**Required action:**
Omit all pictures. Quote the lines from the one with "Oven på en lang" through the end of the listing below, exactly as they appear.

**Input:**
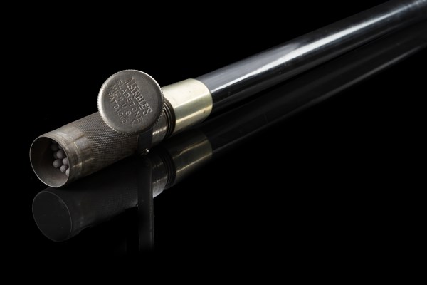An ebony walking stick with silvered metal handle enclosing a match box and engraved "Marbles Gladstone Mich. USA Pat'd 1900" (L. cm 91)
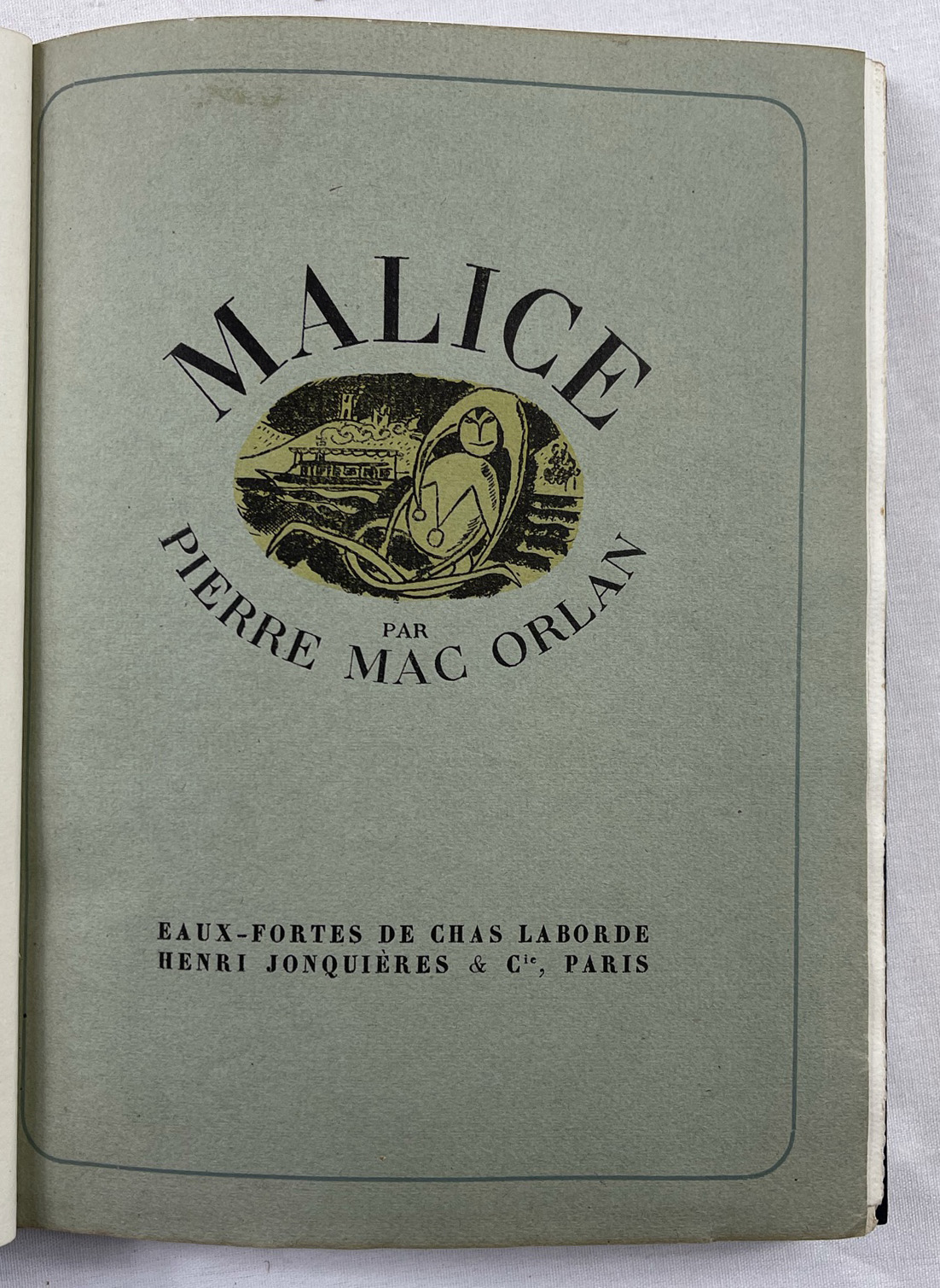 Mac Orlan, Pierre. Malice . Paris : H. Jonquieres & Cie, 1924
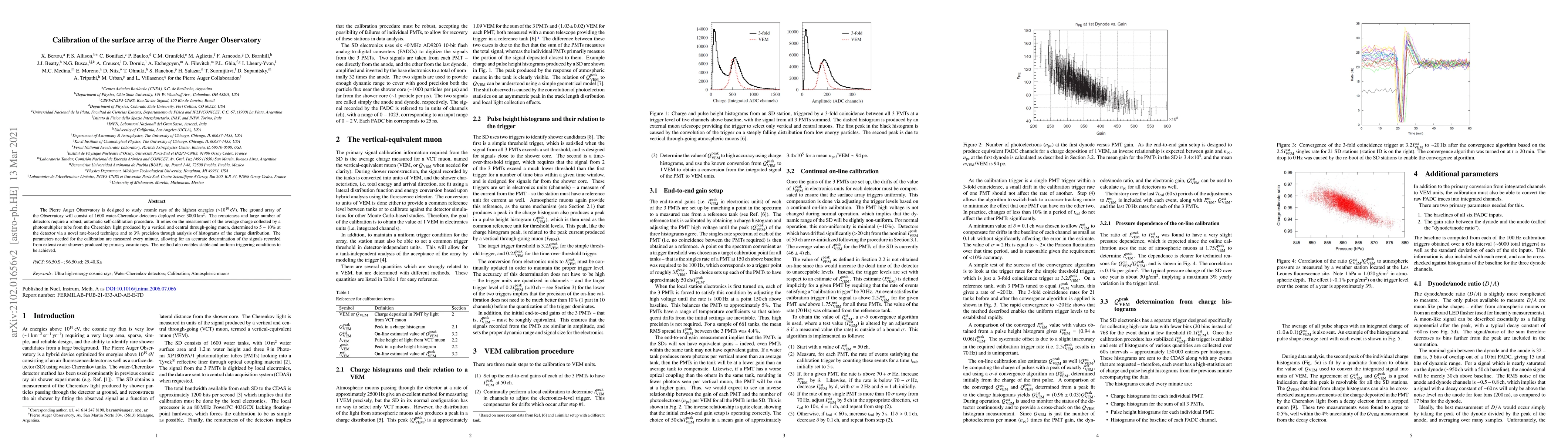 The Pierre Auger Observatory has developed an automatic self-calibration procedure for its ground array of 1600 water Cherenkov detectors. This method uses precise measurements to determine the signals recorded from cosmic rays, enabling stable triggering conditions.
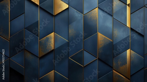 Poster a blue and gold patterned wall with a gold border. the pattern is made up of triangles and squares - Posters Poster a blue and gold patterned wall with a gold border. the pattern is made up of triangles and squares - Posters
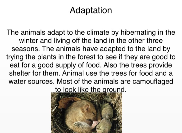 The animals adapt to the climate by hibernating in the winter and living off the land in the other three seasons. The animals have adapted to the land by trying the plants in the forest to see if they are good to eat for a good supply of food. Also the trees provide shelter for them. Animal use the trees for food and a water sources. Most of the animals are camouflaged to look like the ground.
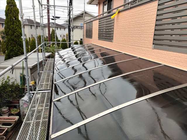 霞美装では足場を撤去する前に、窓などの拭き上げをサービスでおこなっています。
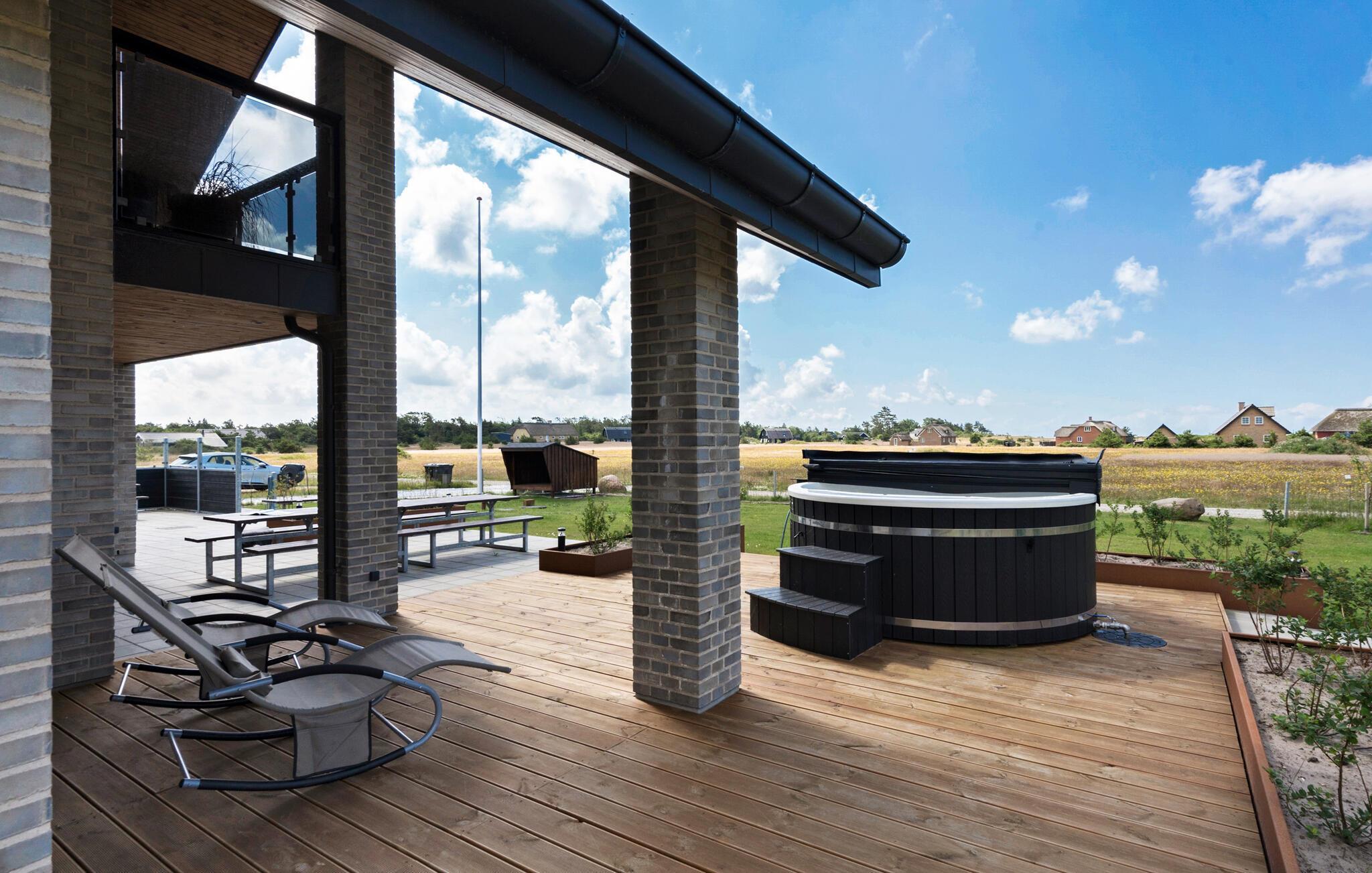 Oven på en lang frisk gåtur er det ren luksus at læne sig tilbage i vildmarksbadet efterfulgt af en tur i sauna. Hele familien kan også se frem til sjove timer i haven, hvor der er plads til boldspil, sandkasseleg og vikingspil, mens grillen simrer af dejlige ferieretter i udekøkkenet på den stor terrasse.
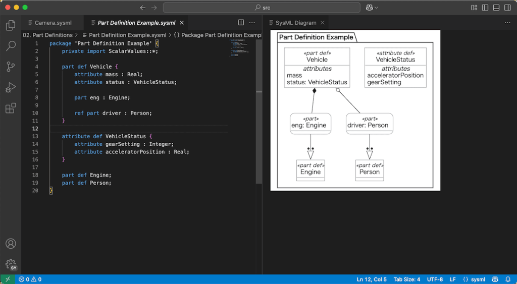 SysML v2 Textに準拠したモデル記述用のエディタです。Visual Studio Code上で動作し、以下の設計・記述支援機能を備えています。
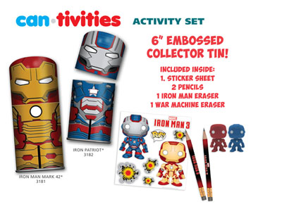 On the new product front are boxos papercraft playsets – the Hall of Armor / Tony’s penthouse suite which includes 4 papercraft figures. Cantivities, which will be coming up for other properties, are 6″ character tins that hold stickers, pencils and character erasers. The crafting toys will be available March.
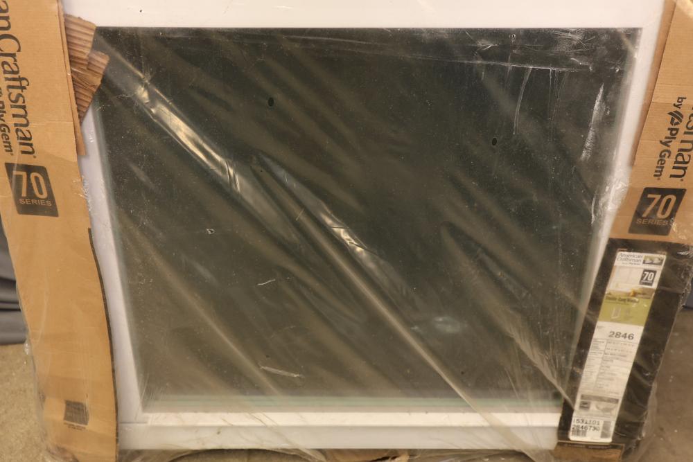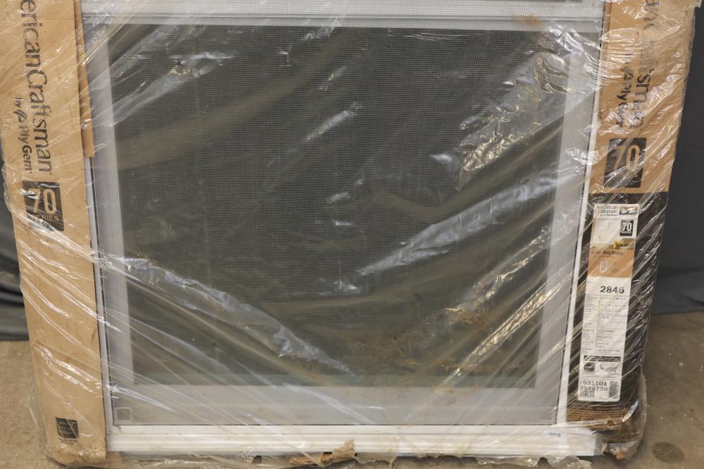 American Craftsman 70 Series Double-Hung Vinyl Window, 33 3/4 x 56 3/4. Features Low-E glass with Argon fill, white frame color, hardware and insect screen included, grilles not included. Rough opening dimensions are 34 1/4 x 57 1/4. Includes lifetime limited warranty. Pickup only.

**Completed task:**
 Oven på en lang frisk gåtur er det ren luksus at læne sig tilbage i vildmarksbadet efterfulgt af en tur i sauna. Hele familien kan også se frem til sjove timer i haven, hvor der er plads til boldspil, sandkasseleg og vikingspil, mens grillen simrer af dejlige ferieretter i udekøkkenet på den stor terrasse.
 SysML v2 Textに準拠したモデル記述用のエディタです。Visual Studio Code上で動作し、以下の設計・記述支援機能を備えています。
 On the new product front are boxos papercraft playsets – the Hall of Armor / Tony’s penthouse suite which includes 4 papercraft figures. Cantivities, which will be coming up for other properties, are 6″ character tins that hold stickers, pencils and character erasers. The crafting toys will be available March.
 American Craftsman 70 Series Double-Hung Vinyl Window, 33 3/4 x 56 3/4. Features Low-E glass with Argon fill, white frame color, hardware and insect screen included, grilles not included. Rough opening dimensions are 34 1/4 x 57 1/4. Includes lifetime limited warranty. Pickup only.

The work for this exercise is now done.